Miyake, however, was by then committed to creating pleated clothing for our contemporary times. He was also intrigued by the various features pleats embodied when using textiles devised not only in the West but in all parts of the world. At the time, he also enjoyed the lights and shadows that emanate throughout Nature in such elements as the desert and the ocean.



Paul Klee points out that the “movements” of lines make a plane. Thus, moving one line horizontally and another vertically, and following through their correlations, could be regarded as a series of endless pleats. 



Also, the force that brings together and compresses pleats incorporates within it an element of play. Issey Miyake applied the plastic principle that brings a thread to a line, and a line to a plane, to the polyester material, and gave this method the opportunity to prevail in today’s clothing. 



A new approach to producing everyday clothing



What was epoch-making is that, predetermining the form of the clothes when worn on a body, the whole cloth is sewn and then put into a machine that gives the fabric its final feature, that is, its pleats. Conventionally, cutting and sewing fabric with its finished texture has been the standard approach, but Pleats Please clothes are made completely differently.



Pleats Please was launched in 1993 and quickly became a hit product around the world. Further research into pleats is ongoing, including studying techniques of transforming tissues by heating, and exploring the possibility of making products mixed with cotton, wool, and other materials.

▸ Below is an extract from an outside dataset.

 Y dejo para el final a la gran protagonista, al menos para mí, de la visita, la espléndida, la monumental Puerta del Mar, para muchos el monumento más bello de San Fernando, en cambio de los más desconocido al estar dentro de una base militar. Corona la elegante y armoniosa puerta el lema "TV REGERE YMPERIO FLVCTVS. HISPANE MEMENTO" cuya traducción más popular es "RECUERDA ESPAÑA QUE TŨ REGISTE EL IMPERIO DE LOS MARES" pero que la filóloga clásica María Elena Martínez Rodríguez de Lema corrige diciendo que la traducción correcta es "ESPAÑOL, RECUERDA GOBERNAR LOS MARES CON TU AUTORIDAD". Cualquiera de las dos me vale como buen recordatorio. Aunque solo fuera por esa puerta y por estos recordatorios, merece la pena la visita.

The success of Pleats Please in the global market, not as fashion items but as material products, had been preceded by a journey of 20 or so years by the Miyake Design Studio (including, of course, Makiko Minagawa)—an amazing journey of trial and research efforts. 

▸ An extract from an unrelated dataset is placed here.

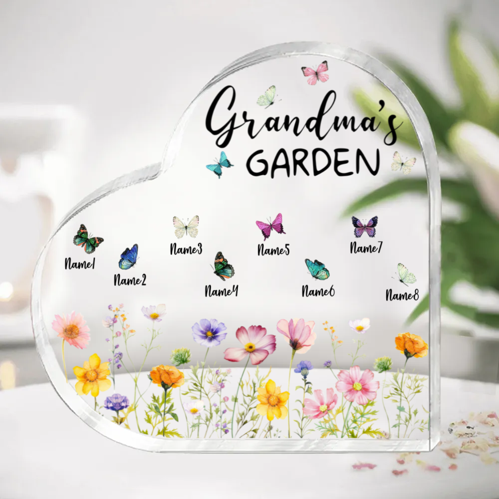 Custom Grandma’s Garden Heart Acrylic Plaque – Mother’s Day Garden Gifts For Grandma – Grandma Gift Personalized – Butterflies With Kids Name Block

Moved by Miyake Design Studio’s dedicated involvement, professionals of greatly varied specializations—people involved in the selection of the best polyester materials, in thread development, in the development of a technology to suppress static phenomena, in the study of knit materials—joined in the pursuit, and fully cooperated and contributed to the work of the Miyake Design Studio.



Mono zukuri – Making Things: The First Principle



Mono wo tsukuru toiu koto (On Making Things). This was the name Issey Miyake gave to a [1999] exhibition, and, as I think of it, I wonder if he might at the time have been haunted by a certain world in his mind that he wished to bid farewell to completely.

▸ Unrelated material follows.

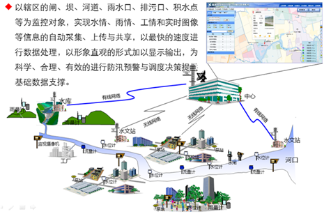 通过数采仪、无线网络、水质水压表等在线监测设备实时感知流域整体分布、水流、水质、自然降水、人工蓄水、生活用水、工业用水、农业用水、污水排放等信息,形成“城市水务物联网”,记录在案,全面监控,然后共享给市政、企事业各方机构和公众。

Like the calendar repeating itself year after year, so the fashion business continues to repeat past conventions, and both the industry and the media place their priority on marketing. 



Negative factors such as these, as well as established preconceptions and customs, surround the environment and together they discourage any serious mono zukuri .



Miyake even says laughingly at times, “My favorite word is kusabi , wedge.”



I sometimes wonder what goes on in the deep reality of our time—and his time—in which he maintains a youthful sensibility; this tense, dense time. What converges upon and imbues Issey’s idea of mono zukuri are ­nothing but confidence and pride regarding the past and the future:



“Making things” allows you to have the same state of mind as ordinary people. When I speak of “ordinary people,” I mean our contemporaries, the people who are living in our era, at the same time. Making clothes that everyone can wear means making clothes for people who live with us, our contemporaries.”



The exhibition Issey Miyake Making Things was presented in Paris and New York, and in both cities the sites were filled with joy. Pleats pieces were hung in vast spaces with high ceilings. The installation was entitled Jumping, and that’s exactly what one felt the clothes were doing. It was realized by Tokujin Yoshioka, a space designer who had inherited the best of genes from Shiro Kuramata and Issey Miyake.



Fundamentally, the show’s organizers hoped and intended that the ­exhibition would make visitors feel good as they left the venue, and observing their reactions as they did so confirmed that the show had succeeded. How many of them would recall, years later when they grew up, what they had seen on that day? If Issey Miyake entrusted anything to the exhibition as an art medium, I suspect that it might have been the expectation that this sort of recollection would prevail.